=== What you will do ===
Down to the last line, set the entries down again exactly.

━━━ Material provided ━━━

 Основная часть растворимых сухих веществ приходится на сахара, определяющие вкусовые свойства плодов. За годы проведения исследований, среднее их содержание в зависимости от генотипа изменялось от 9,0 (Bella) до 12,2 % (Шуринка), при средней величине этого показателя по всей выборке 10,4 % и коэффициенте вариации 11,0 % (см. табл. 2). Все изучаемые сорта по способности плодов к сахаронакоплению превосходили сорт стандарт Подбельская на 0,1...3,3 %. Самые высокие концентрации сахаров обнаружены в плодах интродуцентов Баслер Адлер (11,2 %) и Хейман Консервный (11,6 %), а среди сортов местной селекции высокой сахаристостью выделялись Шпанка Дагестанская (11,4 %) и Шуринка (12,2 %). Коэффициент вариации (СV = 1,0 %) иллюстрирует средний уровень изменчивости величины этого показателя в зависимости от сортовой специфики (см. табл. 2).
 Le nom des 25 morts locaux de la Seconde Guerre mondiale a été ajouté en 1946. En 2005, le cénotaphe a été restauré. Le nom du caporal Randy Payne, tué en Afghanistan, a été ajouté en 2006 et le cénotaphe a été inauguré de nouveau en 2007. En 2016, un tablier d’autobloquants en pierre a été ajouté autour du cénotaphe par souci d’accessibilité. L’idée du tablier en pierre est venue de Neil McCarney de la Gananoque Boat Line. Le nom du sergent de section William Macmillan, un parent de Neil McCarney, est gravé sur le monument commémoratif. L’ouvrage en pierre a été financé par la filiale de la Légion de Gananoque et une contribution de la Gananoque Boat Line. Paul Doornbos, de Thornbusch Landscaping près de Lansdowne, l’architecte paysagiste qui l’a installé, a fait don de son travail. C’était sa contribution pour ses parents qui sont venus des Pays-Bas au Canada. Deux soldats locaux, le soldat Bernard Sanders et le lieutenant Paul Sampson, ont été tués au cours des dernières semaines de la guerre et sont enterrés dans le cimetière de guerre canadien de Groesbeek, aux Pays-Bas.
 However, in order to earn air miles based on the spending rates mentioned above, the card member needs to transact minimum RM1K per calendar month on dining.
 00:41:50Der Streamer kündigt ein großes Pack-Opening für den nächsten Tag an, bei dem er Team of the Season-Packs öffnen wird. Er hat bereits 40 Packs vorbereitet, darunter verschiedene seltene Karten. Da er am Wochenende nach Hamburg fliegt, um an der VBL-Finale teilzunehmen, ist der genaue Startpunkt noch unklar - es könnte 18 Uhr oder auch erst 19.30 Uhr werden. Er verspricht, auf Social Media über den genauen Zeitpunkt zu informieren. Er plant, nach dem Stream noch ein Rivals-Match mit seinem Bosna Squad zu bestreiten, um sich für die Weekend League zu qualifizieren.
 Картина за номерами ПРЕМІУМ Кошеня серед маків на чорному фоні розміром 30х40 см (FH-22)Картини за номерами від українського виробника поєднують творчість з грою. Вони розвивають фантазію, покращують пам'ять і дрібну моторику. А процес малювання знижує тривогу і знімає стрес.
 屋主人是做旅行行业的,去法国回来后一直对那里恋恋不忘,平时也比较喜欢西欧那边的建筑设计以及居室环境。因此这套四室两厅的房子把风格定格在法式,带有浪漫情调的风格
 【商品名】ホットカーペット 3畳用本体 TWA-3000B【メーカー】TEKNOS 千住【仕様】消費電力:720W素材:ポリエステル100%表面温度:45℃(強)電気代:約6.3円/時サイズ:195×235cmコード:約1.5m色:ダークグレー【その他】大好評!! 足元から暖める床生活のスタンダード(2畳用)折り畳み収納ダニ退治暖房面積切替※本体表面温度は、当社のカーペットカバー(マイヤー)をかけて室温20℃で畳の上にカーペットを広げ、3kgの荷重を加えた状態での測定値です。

━━━

=== Solution for this task ===
 Основная часть растворимых сухих веществ приходится на сахара, определяющие вкусовые свойства плодов. За годы проведения исследований, среднее их содержание в зависимости от генотипа изменялось от 9,0 (Bella) до 12,2 % (Шуринка), при средней величине этого показателя по всей выборке 10,4 % и коэффициенте вариации 11,0 % (см. табл. 2). Все изучаемые сорта по способности плодов к сахаронакоплению превосходили сорт стандарт Подбельская на 0,1...3,3 %. Самые высокие концентрации сахаров обнаружены в плодах интродуцентов Баслер Адлер (11,2 %) и Хейман Консервный (11,6 %), а среди сортов местной селекции высокой сахаристостью выделялись Шпанка Дагестанская (11,4 %) и Шуринка (12,2 %). Коэффициент вариации (СV = 1,0 %) иллюстрирует средний уровень изменчивости величины этого показателя в зависимости от сортовой специфики (см. табл. 2).
 Le nom des 25 morts locaux de la Seconde Guerre mondiale a été ajouté en 1946. En 2005, le cénotaphe a été restauré. Le nom du caporal Randy Payne, tué en Afghanistan, a été ajouté en 2006 et le cénotaphe a été inauguré de nouveau en 2007. En 2016, un tablier d’autobloquants en pierre a été ajouté autour du cénotaphe par souci d’accessibilité. L’idée du tablier en pierre est venue de Neil McCarney de la Gananoque Boat Line. Le nom du sergent de section William Macmillan, un parent de Neil McCarney, est gravé sur le monument commémoratif. L’ouvrage en pierre a été financé par la filiale de la Légion de Gananoque et une contribution de la Gananoque Boat Line. Paul Doornbos, de Thornbusch Landscaping près de Lansdowne, l’architecte paysagiste qui l’a installé, a fait don de son travail. C’était sa contribution pour ses parents qui sont venus des Pays-Bas au Canada. Deux soldats locaux, le soldat Bernard Sanders et le lieutenant Paul Sampson, ont été tués au cours des dernières semaines de la guerre et sont enterrés dans le cimetière de guerre canadien de Groesbeek, aux Pays-Bas.
 However, in order to earn air miles based on the spending rates mentioned above, the card member needs to transact minimum RM1K per calendar month on dining.
 00:41:50Der Streamer kündigt ein großes Pack-Opening für den nächsten Tag an, bei dem er Team of the Season-Packs öffnen wird. Er hat bereits 40 Packs vorbereitet, darunter verschiedene seltene Karten. Da er am Wochenende nach Hamburg fliegt, um an der VBL-Finale teilzunehmen, ist der genaue Startpunkt noch unklar - es könnte 18 Uhr oder auch erst 19.30 Uhr werden. Er verspricht, auf Social Media über den genauen Zeitpunkt zu informieren. Er plant, nach dem Stream noch ein Rivals-Match mit seinem Bosna Squad zu bestreiten, um sich für die Weekend League zu qualifizieren.
 Картина за номерами ПРЕМІУМ Кошеня серед маків на чорному фоні розміром 30х40 см (FH-22)Картини за номерами від українського виробника поєднують творчість з грою. Вони розвивають фантазію, покращують пам'ять і дрібну моторику. А процес малювання знижує тривогу і знімає стрес.
 屋主人是做旅行行业的,去法国回来后一直对那里恋恋不忘,平时也比较喜欢西欧那边的建筑设计以及居室环境。因此这套四室两厅的房子把风格定格在法式,带有浪漫情调的风格
 【商品名】ホットカーペット 3畳用本体 TWA-3000B【メーカー】TEKNOS 千住【仕様】消費電力:720W素材:ポリエステル100%表面温度:45℃(強)電気代:約6.3円/時サイズ:195×235cmコード:約1.5m色:ダークグレー【その他】大好評!! 足元から暖める床生活のスタンダード(2畳用)折り畳み収納ダニ退治暖房面積切替※本体表面温度は、当社のカーペットカバー(マイヤー)をかけて室温20℃で畳の上にカーペットを広げ、3kgの荷重を加えた状態での測定値です。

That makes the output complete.